■ WHAT YOU HAVE TO DO: Would you transcribe the whole listing exactly and drop its images?

■ DATA PROVIDED:
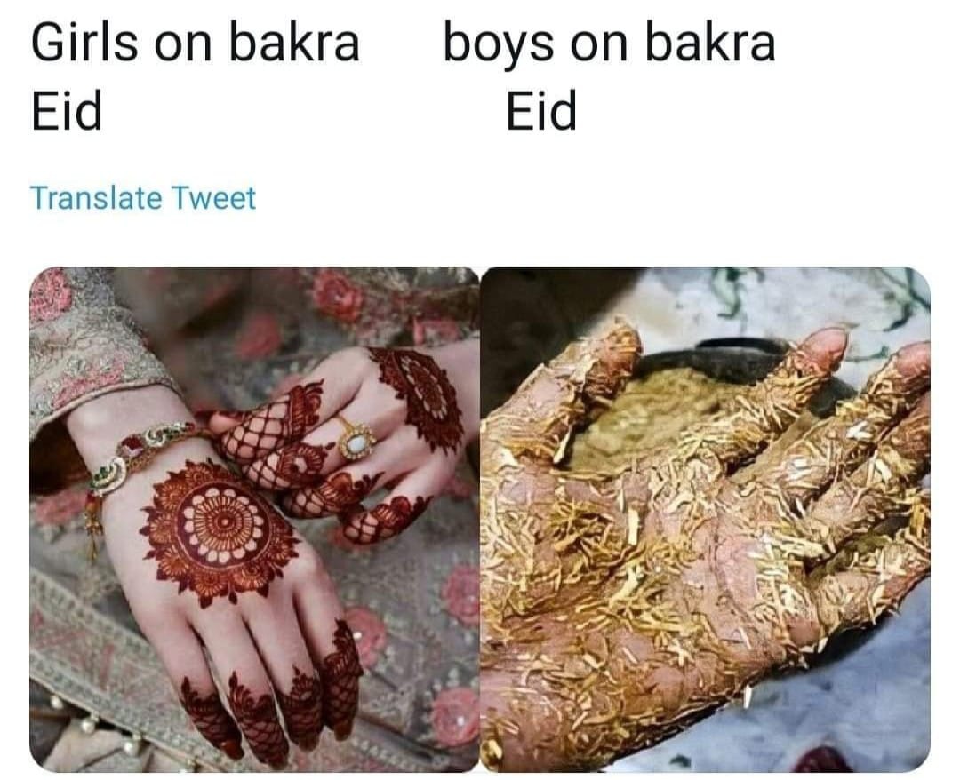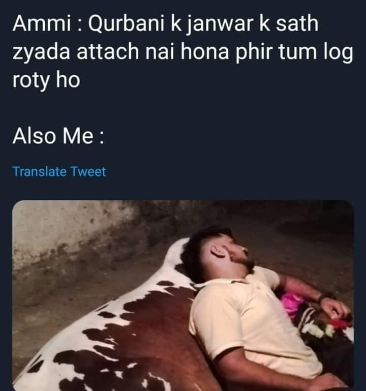 بڑی عید سے قبل قربانی کے جانوروں کی موجودگی سے گلی محلوں کی رونق میں اِضافہ ہوجاتا ہے۔ بچے بڑے سب ہی قربانی کے جانوروں کی خدمت درازی میں مشغول اور قربانی کے لیے برجوش دکھائی دیتے ہیں۔ سوشل میڈیا پر بھی گائے، بیل، بکروں کے حوالے سے مختلف پوسٹ شئیر ہو رہی ہیں جسے دیکھ کر صارفین بہت محظوظ ہورہے ہیں۔ فارغ اوقات میں اکثر قربانی کے جانوروں کی تصاویر اور ویڈیوز دیکھ لی جاتی ہیں۔ وہیں جانوروں پر بننے والی مزاحیہ میمز بھی خاص توجہ حاصل کرتی ہیں۔
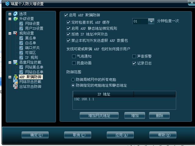 目前我现在只有关闭了瑞星的防火墙 下载别的ARP 他们才可以上网
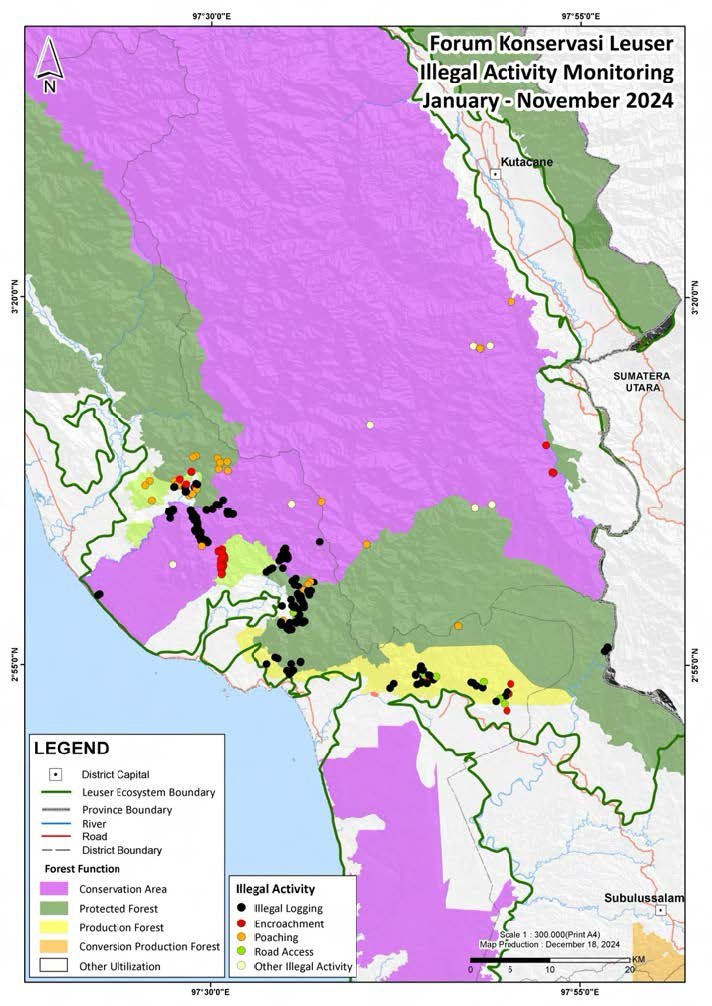 In addition to protection efforts, restoration and community engagement have been key priorities. The Pasie Lembang Nursery produced over 5,700 saplings, distributing and planting 2,132 of them across 21 hectares of previously degraded land. Wildlife sightings, including orangutans and Malayan bears, in these restored areas highlight the success of these initiatives. The Suaq Community Patrol Team conducted five patrols, covering 893.2 km and documenting forest encroachment threats. Collaboration with local communities and authorities remains central to resolving challenges, including encroachment by former combatants and threats to conservation facilities. These combined efforts underline FKL’s commitment to protecting the Leuser Ecosystem's biodiversity while promoting sustainable community practices.

■ OUTPUT:
 بڑی عید سے قبل قربانی کے جانوروں کی موجودگی سے گلی محلوں کی رونق میں اِضافہ ہوجاتا ہے۔ بچے بڑے سب ہی قربانی کے جانوروں کی خدمت درازی میں مشغول اور قربانی کے لیے برجوش دکھائی دیتے ہیں۔ سوشل میڈیا پر بھی گائے، بیل، بکروں کے حوالے سے مختلف پوسٹ شئیر ہو رہی ہیں جسے دیکھ کر صارفین بہت محظوظ ہورہے ہیں۔ فارغ اوقات میں اکثر قربانی کے جانوروں کی تصاویر اور ویڈیوز دیکھ لی جاتی ہیں۔ وہیں جانوروں پر بننے والی مزاحیہ میمز بھی خاص توجہ حاصل کرتی ہیں۔
 目前我现在只有关闭了瑞星的防火墙 下载别的ARP 他们才可以上网
 In addition to protection efforts, restoration and community engagement have been key priorities. The Pasie Lembang Nursery produced over 5,700 saplings, distributing and planting 2,132 of them across 21 hectares of previously degraded land. Wildlife sightings, including orangutans and Malayan bears, in these restored areas highlight the success of these initiatives. The Suaq Community Patrol Team conducted five patrols, covering 893.2 km and documenting forest encroachment threats. Collaboration with local communities and authorities remains central to resolving challenges, including encroachment by former combatants and threats to conservation facilities. These combined efforts underline FKL’s commitment to protecting the Leuser Ecosystem's biodiversity while promoting sustainable community practices.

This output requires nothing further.